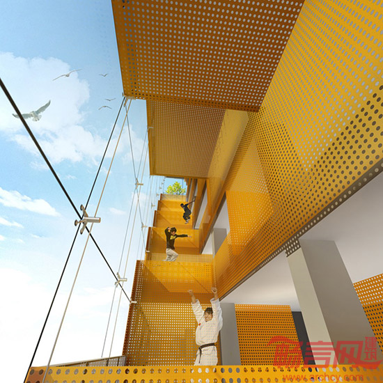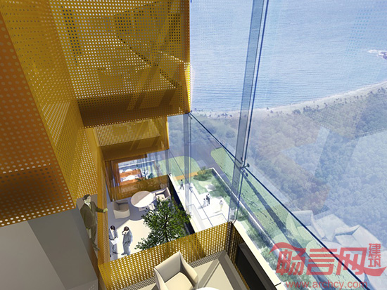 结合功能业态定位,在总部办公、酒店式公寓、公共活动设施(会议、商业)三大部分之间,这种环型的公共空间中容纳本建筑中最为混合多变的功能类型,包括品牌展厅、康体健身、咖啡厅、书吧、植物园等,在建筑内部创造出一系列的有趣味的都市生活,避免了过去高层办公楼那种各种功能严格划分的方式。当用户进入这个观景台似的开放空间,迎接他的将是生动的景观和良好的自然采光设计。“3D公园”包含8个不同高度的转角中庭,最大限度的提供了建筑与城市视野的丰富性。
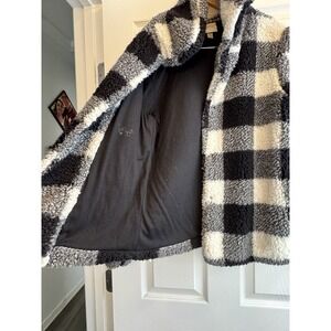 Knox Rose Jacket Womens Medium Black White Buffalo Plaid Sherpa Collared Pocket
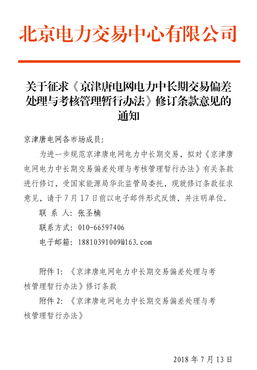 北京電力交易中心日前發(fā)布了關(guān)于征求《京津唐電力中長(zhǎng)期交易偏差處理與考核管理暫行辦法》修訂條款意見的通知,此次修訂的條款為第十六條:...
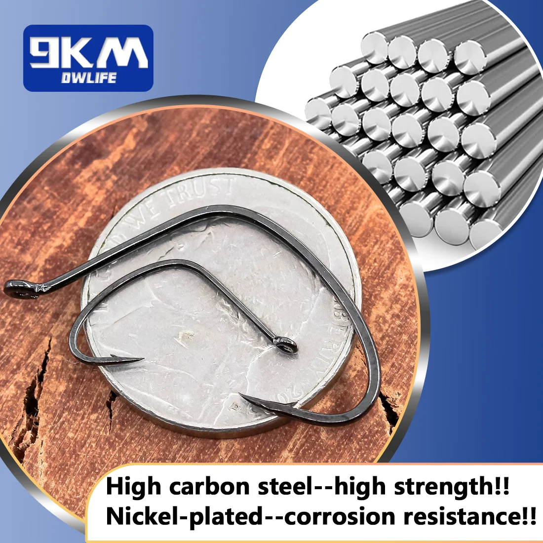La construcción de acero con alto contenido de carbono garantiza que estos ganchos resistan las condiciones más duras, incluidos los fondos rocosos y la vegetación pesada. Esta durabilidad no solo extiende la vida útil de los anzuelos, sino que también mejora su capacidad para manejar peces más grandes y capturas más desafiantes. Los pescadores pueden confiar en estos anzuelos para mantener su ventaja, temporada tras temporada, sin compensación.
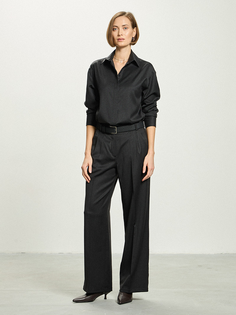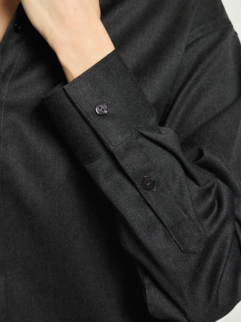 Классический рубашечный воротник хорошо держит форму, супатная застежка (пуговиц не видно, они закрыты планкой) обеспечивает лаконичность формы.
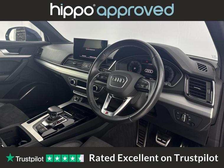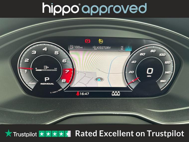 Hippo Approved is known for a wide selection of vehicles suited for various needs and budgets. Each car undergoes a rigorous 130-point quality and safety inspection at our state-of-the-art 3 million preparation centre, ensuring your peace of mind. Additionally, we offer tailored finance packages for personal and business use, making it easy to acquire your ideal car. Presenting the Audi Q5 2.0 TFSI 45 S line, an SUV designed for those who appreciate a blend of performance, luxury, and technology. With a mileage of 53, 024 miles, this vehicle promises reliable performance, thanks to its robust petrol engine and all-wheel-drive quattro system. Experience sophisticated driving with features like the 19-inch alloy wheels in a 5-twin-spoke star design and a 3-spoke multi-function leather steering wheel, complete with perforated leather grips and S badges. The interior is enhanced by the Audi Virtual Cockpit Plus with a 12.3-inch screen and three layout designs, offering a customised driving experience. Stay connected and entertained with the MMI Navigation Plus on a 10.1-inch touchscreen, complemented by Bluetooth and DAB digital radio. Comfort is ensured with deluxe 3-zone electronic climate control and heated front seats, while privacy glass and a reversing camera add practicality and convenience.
——
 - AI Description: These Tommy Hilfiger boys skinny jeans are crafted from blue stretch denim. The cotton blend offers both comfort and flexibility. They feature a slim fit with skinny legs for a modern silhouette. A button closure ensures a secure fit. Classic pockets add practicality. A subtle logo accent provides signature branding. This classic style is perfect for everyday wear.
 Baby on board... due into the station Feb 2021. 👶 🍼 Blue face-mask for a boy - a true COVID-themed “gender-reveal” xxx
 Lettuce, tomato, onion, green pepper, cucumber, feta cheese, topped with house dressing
——
Problem description:
Would you retype the lines above from the one with "Baby on board..." down to the one with "Lettuce, tomato, onion, green", word for word, both ends included and no other lines?

Exercise answer:
 Baby on board... due into the station Feb 2021. 👶 🍼 Blue face-mask for a boy - a true COVID-themed “gender-reveal” xxx
 Lettuce, tomato, onion, green pepper, cucumber, feta cheese, topped with house dressing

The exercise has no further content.